Task objective - An exact copy of every entry is needed, without any of the pictures.
BEGIN The input
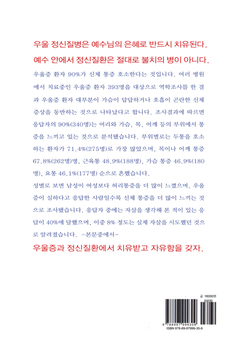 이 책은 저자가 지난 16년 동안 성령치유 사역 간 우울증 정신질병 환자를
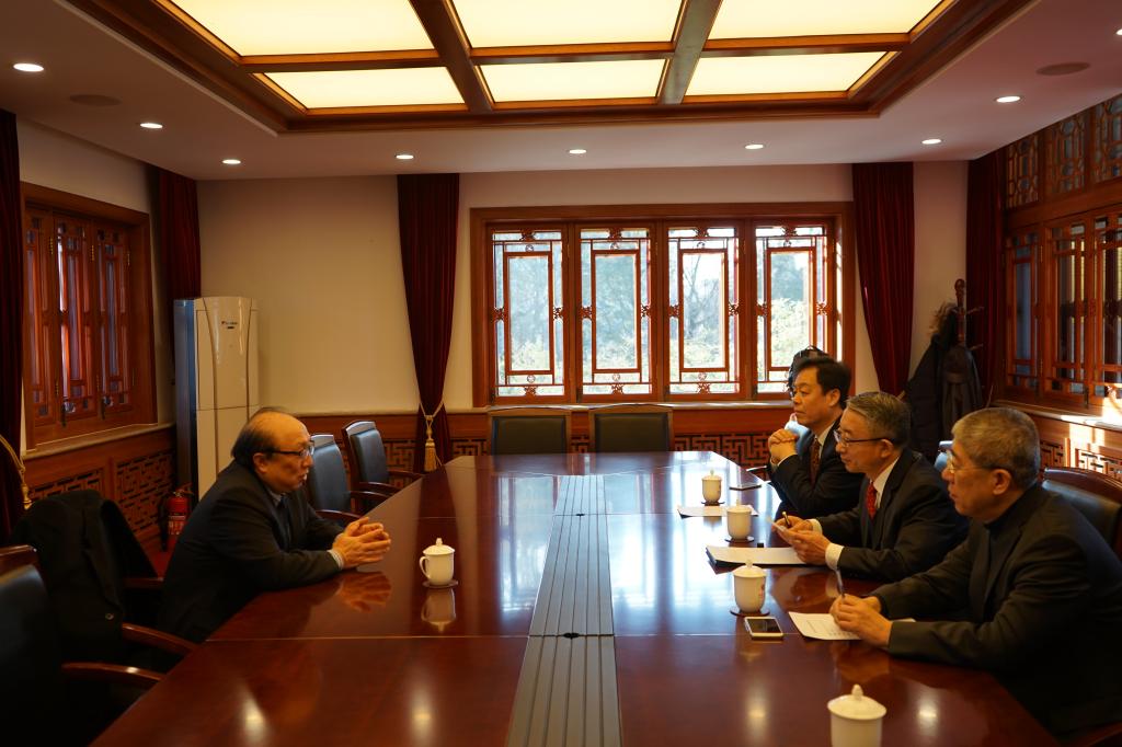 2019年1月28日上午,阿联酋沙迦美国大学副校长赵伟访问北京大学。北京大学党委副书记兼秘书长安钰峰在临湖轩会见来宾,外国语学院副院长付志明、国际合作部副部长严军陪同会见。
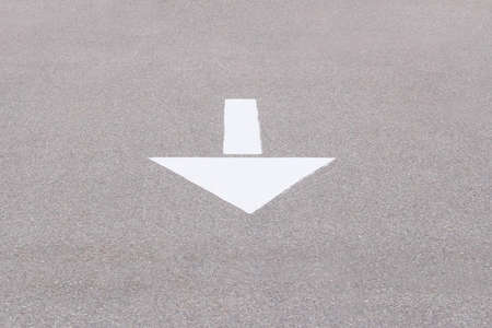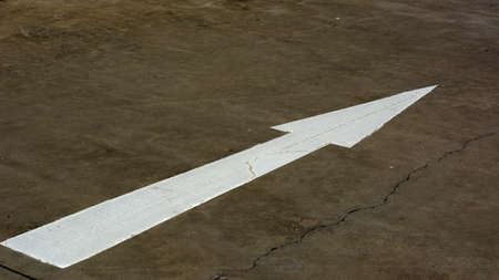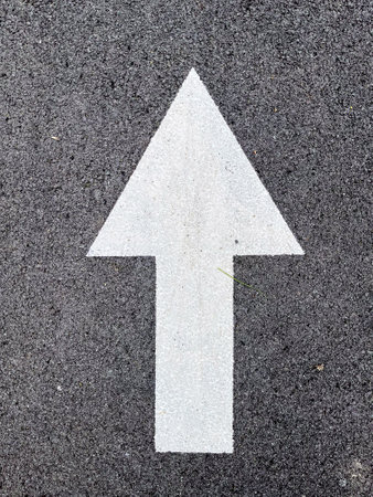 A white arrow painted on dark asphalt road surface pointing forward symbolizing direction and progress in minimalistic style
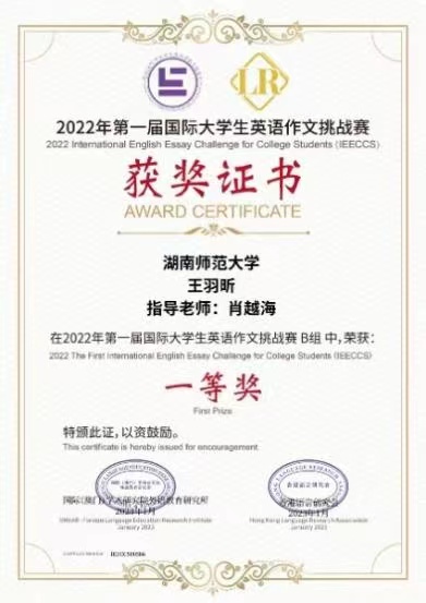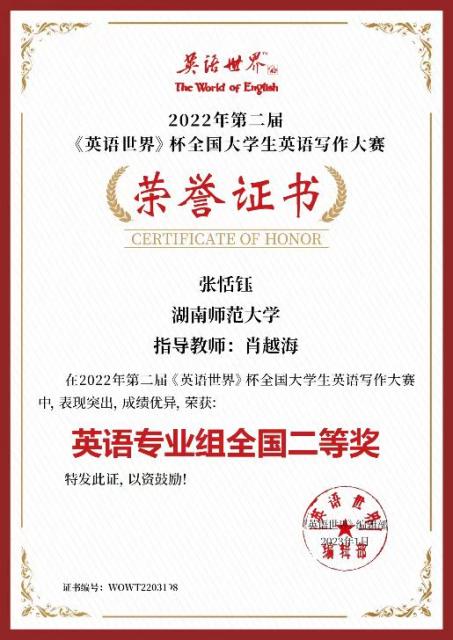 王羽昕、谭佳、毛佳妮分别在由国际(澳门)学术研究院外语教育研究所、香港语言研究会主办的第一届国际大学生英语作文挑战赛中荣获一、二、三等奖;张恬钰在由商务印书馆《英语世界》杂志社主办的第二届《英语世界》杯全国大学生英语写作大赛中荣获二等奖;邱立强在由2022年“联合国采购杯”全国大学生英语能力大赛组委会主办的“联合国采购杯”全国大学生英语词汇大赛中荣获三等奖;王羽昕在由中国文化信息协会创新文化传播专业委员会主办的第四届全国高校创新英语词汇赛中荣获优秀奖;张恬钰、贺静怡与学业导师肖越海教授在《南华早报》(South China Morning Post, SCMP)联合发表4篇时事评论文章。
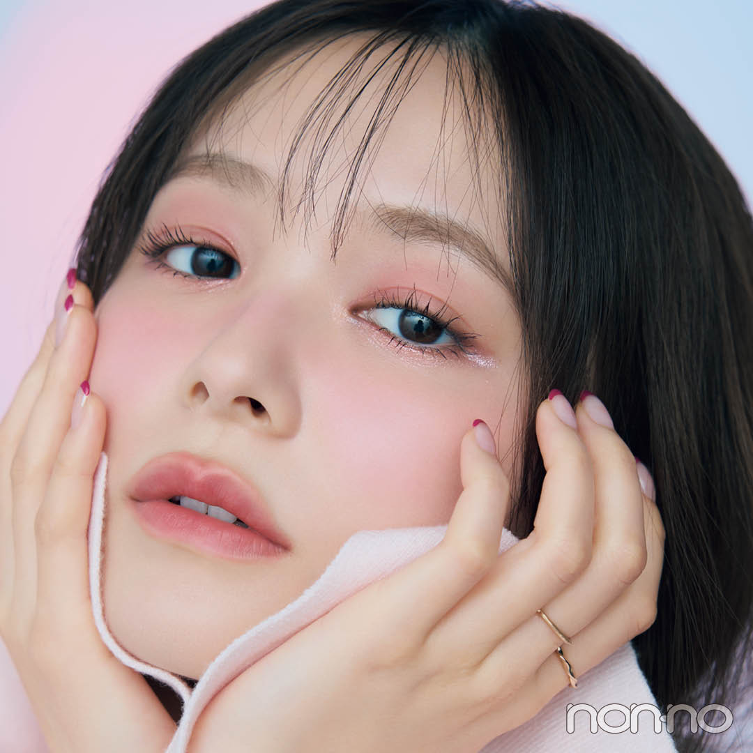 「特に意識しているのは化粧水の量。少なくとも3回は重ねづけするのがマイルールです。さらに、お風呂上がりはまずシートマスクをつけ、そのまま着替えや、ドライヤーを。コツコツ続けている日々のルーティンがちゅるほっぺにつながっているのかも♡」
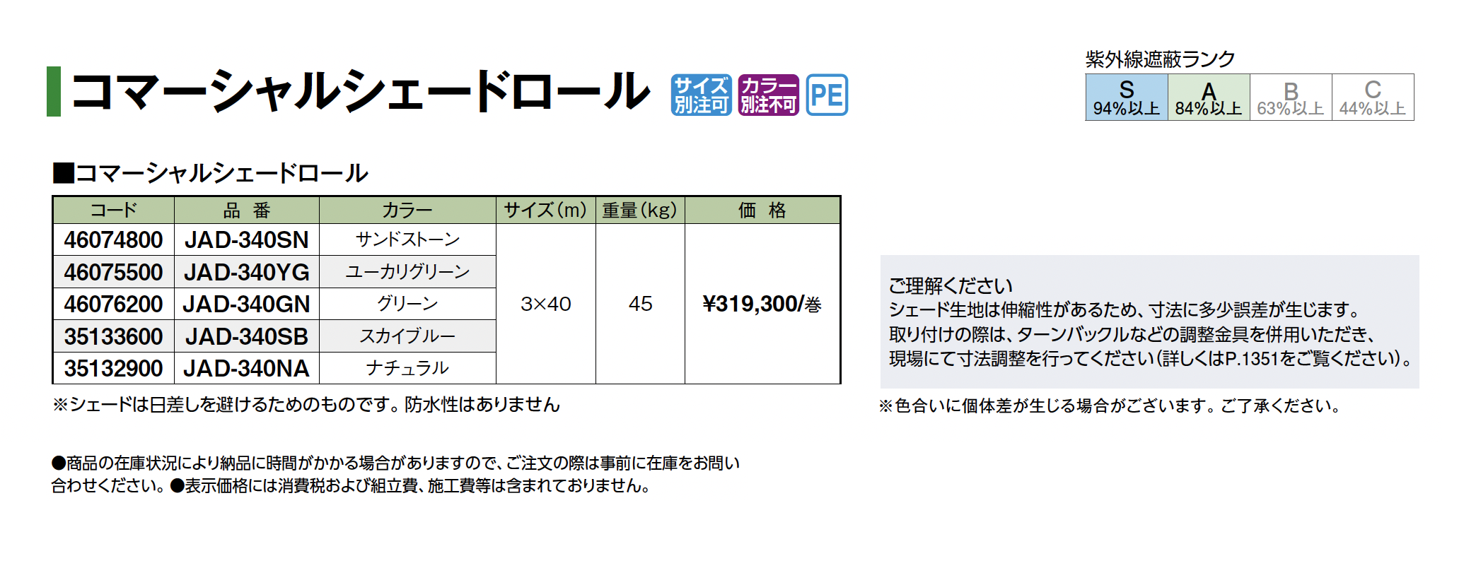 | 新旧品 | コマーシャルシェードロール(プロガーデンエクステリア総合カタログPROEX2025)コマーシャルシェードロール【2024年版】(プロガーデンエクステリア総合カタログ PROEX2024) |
END The input
Solution to this task -
 이 책은 저자가 지난 16년 동안 성령치유 사역 간 우울증 정신질병 환자를
 2019年1月28日上午,阿联酋沙迦美国大学副校长赵伟访问北京大学。北京大学党委副书记兼秘书长安钰峰在临湖轩会见来宾,外国语学院副院长付志明、国际合作部副部长严军陪同会见。
 A white arrow painted on dark asphalt road surface pointing forward symbolizing direction and progress in minimalistic style
 王羽昕、谭佳、毛佳妮分别在由国际(澳门)学术研究院外语教育研究所、香港语言研究会主办的第一届国际大学生英语作文挑战赛中荣获一、二、三等奖;张恬钰在由商务印书馆《英语世界》杂志社主办的第二届《英语世界》杯全国大学生英语写作大赛中荣获二等奖;邱立强在由2022年“联合国采购杯”全国大学生英语能力大赛组委会主办的“联合国采购杯”全国大学生英语词汇大赛中荣获三等奖;王羽昕在由中国文化信息协会创新文化传播专业委员会主办的第四届全国高校创新英语词汇赛中荣获优秀奖;张恬钰、贺静怡与学业导师肖越海教授在《南华早报》(South China Morning Post, SCMP)联合发表4篇时事评论文章。
 「特に意識しているのは化粧水の量。少なくとも3回は重ねづけするのがマイルールです。さらに、お風呂上がりはまずシートマスクをつけ、そのまま着替えや、ドライヤーを。コツコツ続けている日々のルーティンがちゅるほっぺにつながっているのかも♡」
 | 新旧品 | コマーシャルシェードロール(プロガーデンエクステリア総合カタログPROEX2025)コマーシャルシェードロール【2024年版】(プロガーデンエクステリア総合カタログ PROEX2024) |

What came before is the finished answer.